Cohort study of men who underwent primary RP with PLND for prostate cancer (PCa) at our institution since 2003. Men stratified by nodal status.

Outcomes include biochemical recurrence-free survival (bRFS), overall survival, and PCa-specific mortality (PCSM). Multivariable Cox regression models used for each outcome.

Of 1,543 men who underwent primary RP, 174 (11%) had pN1 disease. Median follow-up was 34 months (interquartile range, 15-62). Seven-year outcomes were similar whether less than or ≥14 LNs dissected. Among node-positive patients, 29% had undetectable (UDT) prostate-specific antigen (PSA), 11% had UDT PSA + adjuvant therapy, and 60% had detectable PSA, and 7-year bRFS differed (75% for UDT PSA, 90% for UDT + adjuvant therapy, 38% for detectable PSA, p < .01). Survival outcomes did not differ. In multivariable analysis, detectable PSA (vs. UDT, HR 5.2, 95% CI 2.0-13.3) associated with worse bRFS. After salvage treatment, 7-year outcomes did not differ between groups. Study limited by retrospective review.

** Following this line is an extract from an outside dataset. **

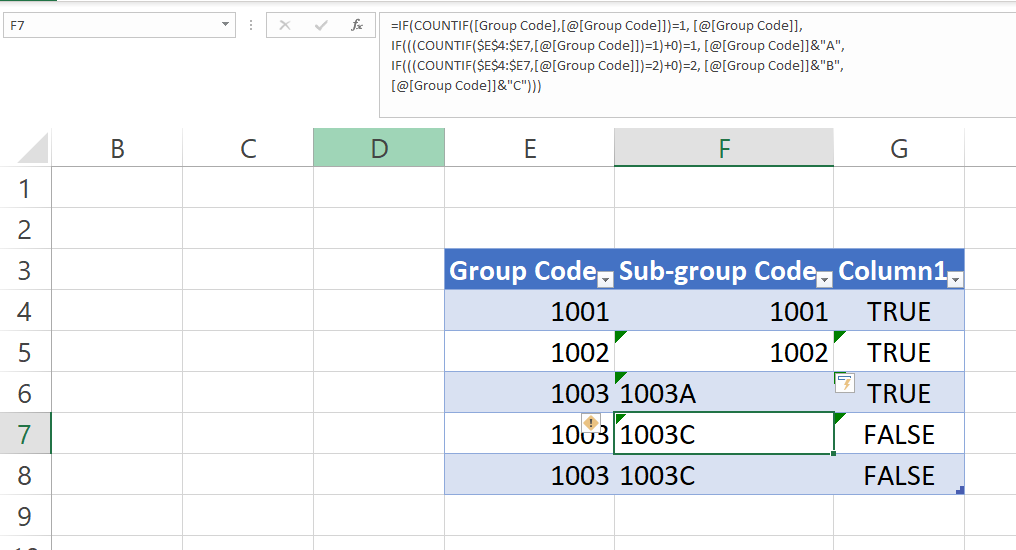 IF(((COUNTIF($E$4:$E7,[@[Group Code]])=1)+0)=1, [@[Group Code]]&"A",
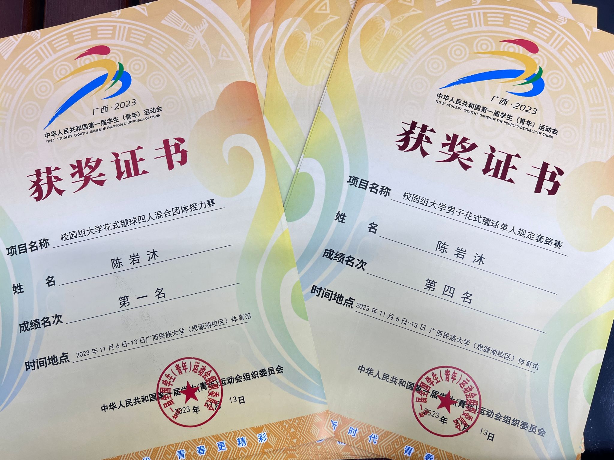 此后,在刚结束的2023年江苏省毽球锦标赛暨长三角地区毽球大赛中再次传来捷报,陈岩沐同学夺得男子组花毽项目磕踢、绷踢、拐踢、五项全能、个人规定套路共五枚金牌,盘踢、跳踢两枚银牌,再次为校夺得荣誉。

Of 1,543 men who underwent primary RP, 174 (11%) had pN1 disease. PARP inhibitor Median follow-up was 34 months (interquartile range, 15-62). Seven-year outcomes were similar whether less than or ≥14 LNs dissected. Among node-positive patients, 29% had undetectable (UDT) prostate-specific antigen (PSA), 11% had UDT PSA + adjuvant therapy, and 60% had detectable PSA, and 7-year bRFS differed (75% for UDT PSA, 90% for UDT + adjuvant therapy, 38% for detectable PSA, p  less then  .01). Survival outcomes did not differ. In multivariable analysis, detectable PSA (vs. UDT, HR 5.2, 95% CI 2.0-13.3) associated with worse bRFS. After salvage treatment, 7-year outcomes did not differ between groups. Study limited by retrospective review.Neurodegenerative diseases are a worldwide health problem and are a major cause of death and disability. A progressive loss of defined neuronal populations is triggered by a diverse array of stimuli that converge in deficient neurotrophic signaling. Therefore, much effort has been placed in recent years in the characterization of the molecular mechanisms associated with the structure and function of neurotrophins, its receptors, signaling strategies, and their target genes. This Editorial highlights an impressive study by the group of Prof. Ashis K. Mukherjee, a renowned specialist in snake venoms, in which a component of the Indian Cobra N.naja venom with no significant similarity to nerve growth factor, is shown to induce sustained neuritogenesis. An elegant transcriptomic and functional analysis of this component, named Nn-α-elapitoxin, mapped novel domains in mammalian neurotrophic receptors that trigger both conventional and novel signal cascades that support neurite extension in the PC-12 neuronal model system.